While based on a similar principle for conferring the expected protection against Lyme disease, Valneva CEO Thomas Lingelbach says VLA15 and LYMErix are different vaccines. “Lymerix was a monovalent vaccine with a full-length antigen against serotype 1 of the Outer Surface Protein A (OspA) of Lyme Borreliosis,” he says. “VLA15 is intended to protect against the most prevalent six serotypes of Lyme Borreliosis in the Northern Hemisphere. It was created out of three fusion proteins containing some identical but also different epitopes of the Lyme Borreliosis OspA.”

VLA15 is a multivalent protein subunit vaccine that targets the OspA of Borrelia, one of the most highly expressed surface proteins on the bacteria when present in a tick. It represents the only active Lyme disease vaccine program in clinical development today.

Lingelbach says the strategy of targeting OspA for a preventative vaccine against Lyme disease is well-established and was validated through two placebo-controlled field efficacy trials in the late 90s delivering high efficacy rates after three vaccinations. “The spurious claim that there was a link between OspA targeting in previous iterations of Lyme vaccine has long since been disproven by the medical community and has been validated in peer-reviewed publications,” he says. Still, out of an overabundance of caution and to ensure that no further illegitimate claims were made about VLA15, Valneva modified the OspA sequence falsely associated with arthritis during development, so it’s not a part of the antigen.

Pfizer Partnership Accelerates Progress

As noted, more than 300,000 Americans are diagnosed with Lyme disease each year and cases in the U.S. have tripled since the late 1990s. There is no vaccine available to protect humans against the Lyme disease epidemic, which is why Lingelbach sees an opportunity to address the unmet need for a vaccine as the disease footprint widens.

“We have already collected safety data in more than 500 people to date, and this data has shown nothing of concern with regards to safety,” says Lingelbach. “The full development from Phase 1 to Phase 3 is expected to generate the necessary safety data base to support the basis for licensure.” Valneva has entered into a strategic alliance with Pfizer that will allow the co-development of VLA15 through commercialization. The deal makes Valneva eligible to receive a total of $308 million in cash payments consisting of a $130 million upfront payment, $35 million in development milestones, and $143 million in early commercialization milestones. “We’ve agreed to fund 30 percent of all development costs through completion of the development program, and in return Pfizer will pay us tiered royalties starting at 19 percent,” says Lingelbach. Pfizer will in turn lead late-stage development and have sole control over commercialization. Valneva announced positive initial results from its two Phase 2 studies, VLA15-201 in July 2020 and VLA15-202 in October 2020. “Pfizer brings valuable vaccine knowledge and resources to the table that are complementary to Valneva’s technology and expertise,” he says. “There is a joint development committee to help ensure that the vaccine is developed as diligently and effectively as possible so that the potential vaccine can be available to those who need it most.”

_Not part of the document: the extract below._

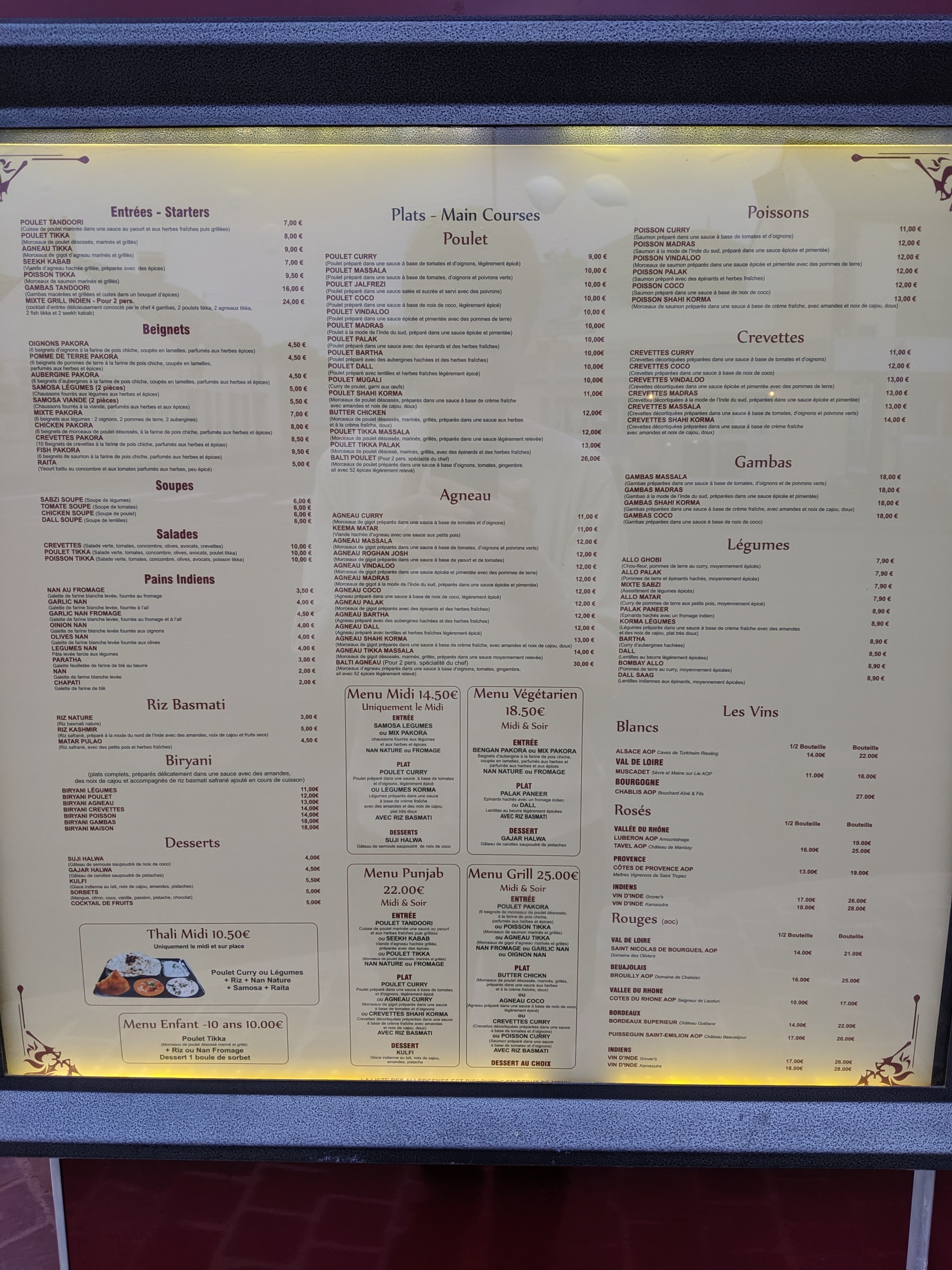 De passage à Châteaudun notre choix s'est porté sur le Punjab; très bonne surprise. Cadre agréable, lumineux et très propre, climatisation discrète et musique d'ambiance typique juste au bon niveau. Carte indienne classique sans surprise mais bien réalisée et goûteuse. Service efficace et bon rapport qualité/ prix. Nous recommandons

Lingelbach says it’s been a collaborative effort. “We’re in regular contact with many key opinion leaders in the Lyme disease space,” he says. “It is part of our ongoing mission to become more proactively engaged with advocacy groups and we understand the inherent value in working hand-in-hand with the Lyme community.”

Valneva has been pleased with the Phase 2 results to date, which have supported the safety and tolerability profile seen in Phase 1 and expanded the company’s understanding of the effectiveness of different dosing regimens. Details for entry to Phase 3 will be subject to the final development plans with Pfizer and alignment with the regulatory bodies.